Actually, a quick web search will reveal a huge body of research and statistical analysis regarding fighting back, at least in regard to rape, and whether it's helpful or worse. It's one of those things that a self-defense instructor needs to be read up on before he teaches self-defense. Rape prevention is one of the reasons a woman shows up for such classes and it needs to be addressed.
It makes me wonder if anyone has put as much effort into more general assault; what the breakdown is for fighting back vs. taking a more passive role. Maybe assault is too general to study ... too many varied circumstances, from the bar fight to muggings to robbery to attempted murder, etc.
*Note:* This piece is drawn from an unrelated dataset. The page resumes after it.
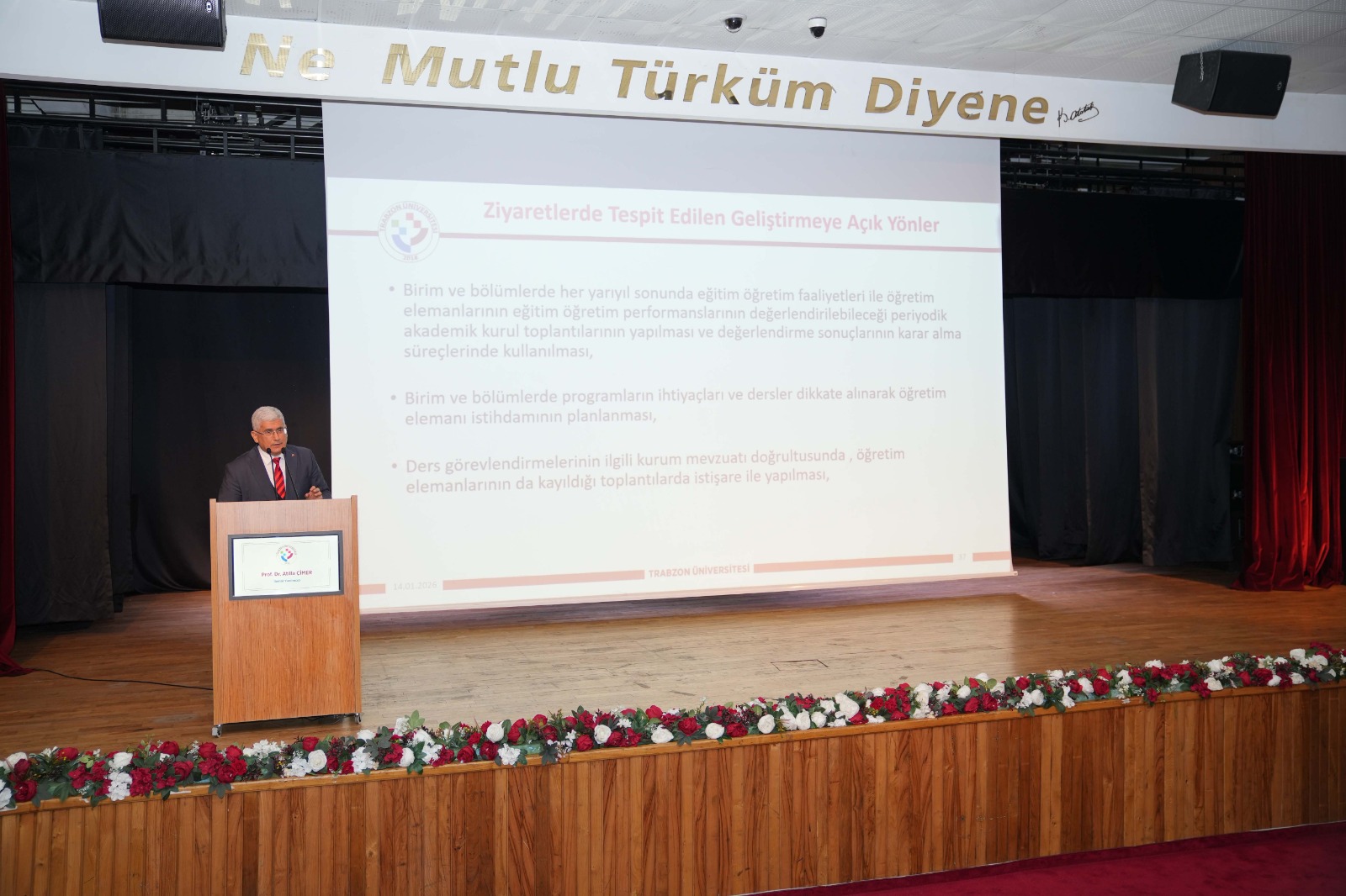 Üniversitemizin “2025 Yılı Kalite Güvence Sistemi ve Akreditasyon Çalışmaları ve Akademik Birimler Performans Değerlendirme Toplantısı” adı altındaki değerlendirme toplantısı Rektörümüz Prof. Dr. Emin Âşıkkutlu başkanlığındaki programla gerçekleştirildi. Trabzon Üniversitesi 2024 ve 2025 yılları Performans Değerlendirme ve Akreditasyon Süreçleri Değerlendirme Toplantıları üç güne (14-16 Ocak 2026) yayıldı. İlk gün açılışı Mahmut Goloğlu Kültür Merkezinde yapılan toplantı takip eden iki gün Rektörlük Senato Salonunda devam etti.

Even within rape there are many different types of rape and rapists, though they have been broken down in a fashion useful for self defense. If you have your wits about you, and time, you can analyse your attacker's type and use the info to your benefit.
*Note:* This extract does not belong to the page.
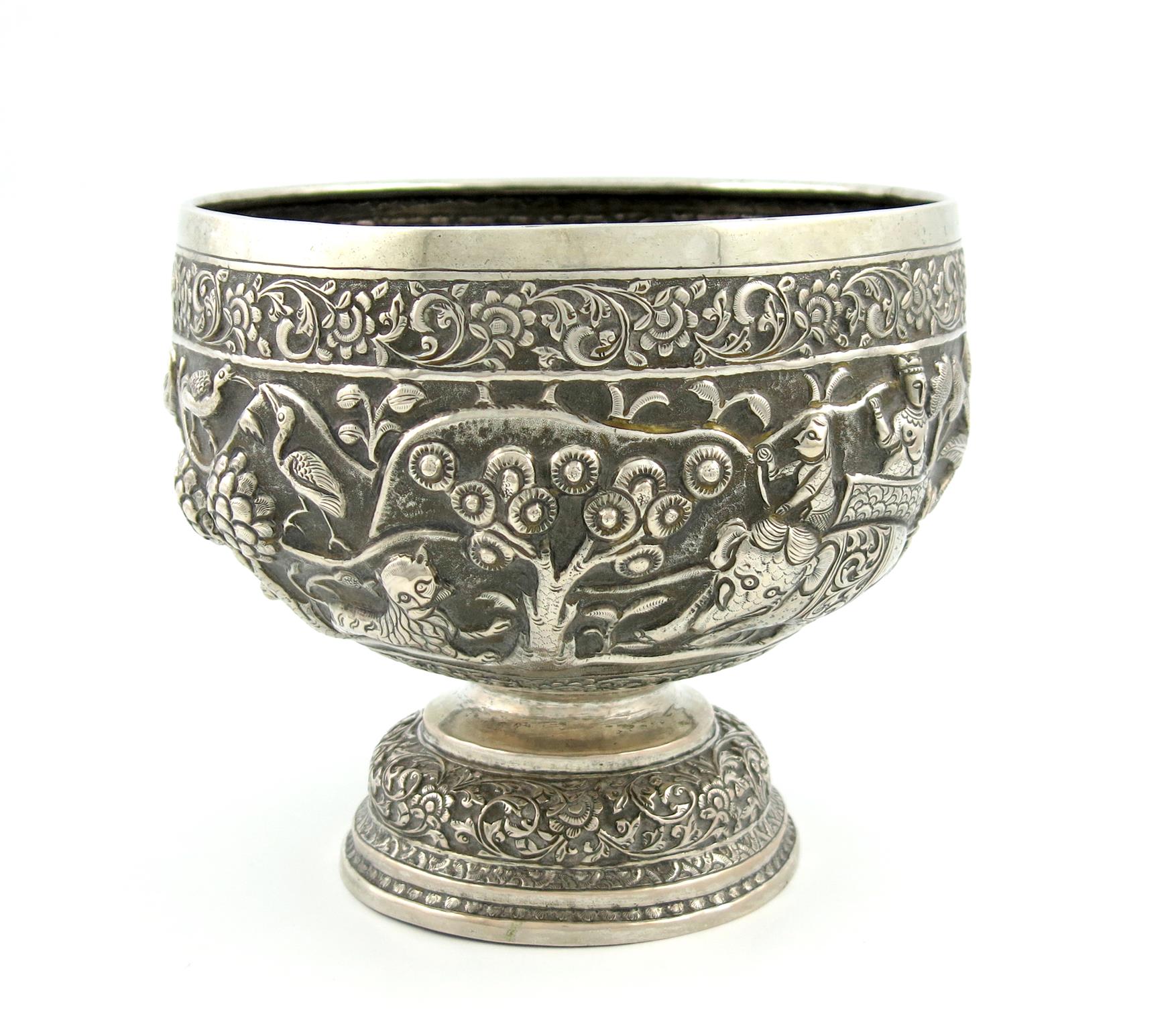 circular form, decorated with a hunting pattern, with foliate scroll borders, on a raised foliate scroll base, diameter 19cm, approx. weight 21.5oz.

You can pressure a student so that they respond as if the situation is real, or at least real enough for them for training purposes. This is not something an instructor should do unless A) their uke is armored or very tough and experienced and B) They know how to deal with the aftermath. Heap enough pain or trap someone, even in a friendly and familiar environment, and they will slip into fight/flight response. Sometimes even a verbal provocation or hypothetical situation will do it. For example, I got trigged by a sentence during a sparring session. "Kami, when he's through with you, he's going for Andrea." Andrea being my daughter. My sparring partner, a very experienced and excellent martial artist as well as an LEO, saw my look change and covered up, going into full defense. In the back of my mind a very small part of me was aware enough that this wasn't real so I did pull my strikes ... barely. I certainly hit much harder than I would have just playing around, harder than I consider advisable, much less polite. If Mac had kept pressing me instead of covering up I think it would have obliterated even that small bit of control. I'm glad I didn't hurt him. Suffice it to say that it is possible, sometimes shockingly easy, to sink a person's awareness of their 'safe' environment and have them training under pressure. Techniques vary. I hear some instructors will suddenly engage a student in the dressing room after class, or grab them from behind when they're not paying attention during down time in class. Gets the adrenaline pumping.
With a normal, healthy person who hasn't had trauma in their lives or has dealt with it adequately, this is a great tool. However, the B caveat is there for a reason. Trigger a rape victim, and when she comes out of her attack (or panic) she will fall apart emotionally and you better darned well be prepared to help. You can't just leave someone broken down and figure it was a great, intense session and they learned something. If you don't know your psychology you can get into trouble and leave an emotional mess that will do that person more harm than good.
-- Kami, who wishes she didn't have so many friends who've been raped.